Battle of Barnet 1471


The early morning fog of Easter Sunday 14th April 1471 was a pivotal moment in the Wars of the Roses. The Battle raged five miles up the road but the Suburb lands were in the thick of it.  King Edward IV’s forces, said to have numbered 9000, included two further monarchs, the future King Richard III and, as hostage, an enfeebled King Henry VI. All passed the Suburb’s eastern border in the evening of Saturday 13th April 1471. Within 24 hours some of those fleeing the conflict, the Yorkist victors, casualties and vanquished foes all were passing by on the way to the City.

This article, by Suburb resident Lester Hillman, traces the route taken by Edward’s army from the Priory to the battlefield at Barnet

The Wars of the Roses at the Priory doorstep - a 550th anniversary 

Roses Round the Door
Lester Hillman




Introduction

At the end of today’s London Underground Northern Line a ‘Zone 5’  medieval battle took place on Easter Sunday 14th April 1471. Ten miles North of the St John’s Clerkenwell Priory the Battle of Barnet in the ‘Wars of the Roses’ or ‘The Cousins War’ had far reaching consequences for England, the Tudors and for the Order of St John. 
 
To what extent was the Order involved? There were colourful characters, pivotal moments and elements of chance, drama and tragedy. Contemporary witnesses and place names add to the story. Much of the drama played out on the doorstep of the Clerkenwell Priory. The forces of Edward IV gathered at St John’s Field. Victors and vanquished returned there. Prior John Langstrother was a casualty of the Spring 1471 conflicts, he was executed in Gloucester after the battle of Tewkesbury and his body was bought back to Clerkenwell for burial. 

1471 - 2021

The 550th anniversary of the Battle of Barnet offers a focus for wider public interest and engagement with a chance for new questions to be posed and insights gained. 

This note traces the route taken by Edward’s army from the Priory to the battlefield at Barnet. Along the way echoes of the battle are discovered and explored. Matching a fifteenth century pace calls for six or seven hours. However today, from Highbury Corner a couple of miles up the route, the 263 bus route can hasten a battlefield deployment. High Barnet, at the end of the Underground Northern Line, offers yet swifter passage to the medieval front line. Alternatively, picking up the 234 bus at East Finchley and going via Muswell Hill to Colney Hatch Lane and Friern Barnet Lane follows an easterly and an historic route.  

It is surprising how quickly everything seems to have happened that Easter weekend in 1471. Edward IV’s arrival in London, the resolving of London’s loyalty, the army forming up, getting the force to Barnet, the battle and return, all within a long weekend. Edward’s experienced opponent, the Earl of Warwick, seems to have been wrong footed, judging Edward would have remained in London until after the Easter commemorations. 
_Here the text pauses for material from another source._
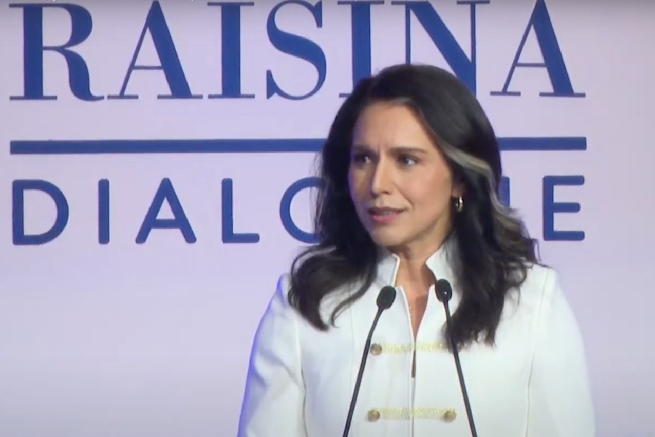 रायसीना डायलॉग 2025 में संबोधित करते हुए अमेरिकी राष्ट्रीय खुफिया निदेशक तुलसी गैबार्ड / स्क्रीनशॉट/ऑब्जर्वर रिसर्च फाउंडेशन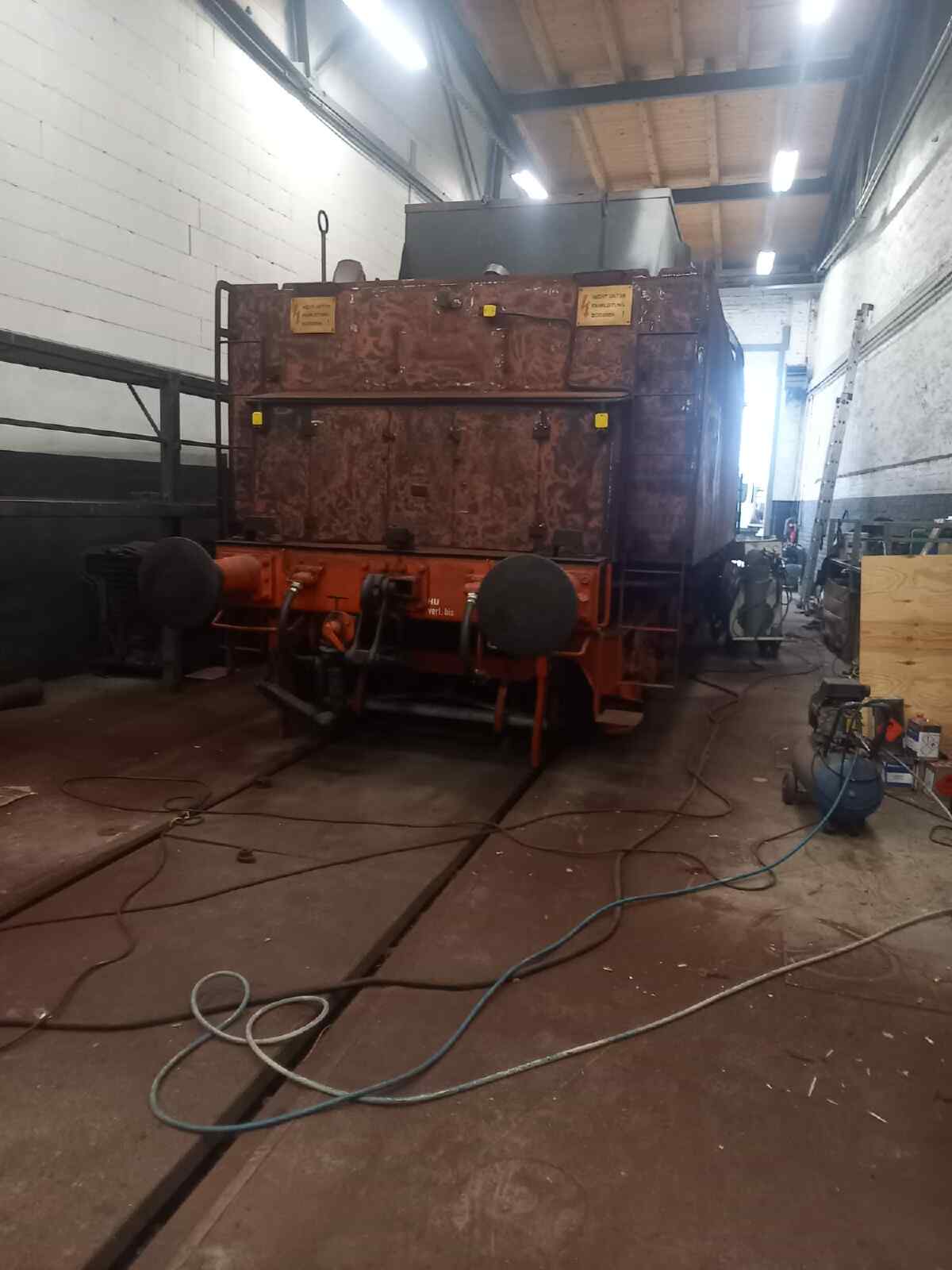 Auch die Arbeiten am Tender gehen weiter. Nachdem nun alle Metallarbeiten im Inneren des Tenders beendet sind, konnten wir uns der Beschichtung des Wasserkastens widmen. Er hat ein Fassungsvermögen von 26 Kubikmetern. Wir haben eine spezielle Farbe aufgetragen, die die weitere Korrosion verhindern oder zumindest verlangsamen soll.

Saturday afternoon 13th April 1471 presented a vivid and frenetic scene outside the Priory. Edward’s Yorkist army formed up at St John’s Field. Perhaps his force numbered 9,000, estimates vary widely, maybe 400 did not survive to return. With varied loyalties distinct groupings would have been evident. Combatants with specialist artillery skills had been drawn from abroad.  Horses and equipment would be evident. Preparation would have been hasty but there would be signs of logistic support. London’s loyalties had swung to and fro, days before, now livery companies could not risk being seen unenthusiastic. Provisioning, weapons, transport, fuel, ale, painted banners, music, gambling, distractions, entertainment, spiritual welfare, reassurance in health care and family support all would have a place. Veterans, children, onlookers, chroniclers and perhaps spies would have mingled with locals. There would be excitement with expectations of casual work and a share of the spoils.  Businesses, institutions and residents would be keeping a watchful eye to minimise local damage and things going missing.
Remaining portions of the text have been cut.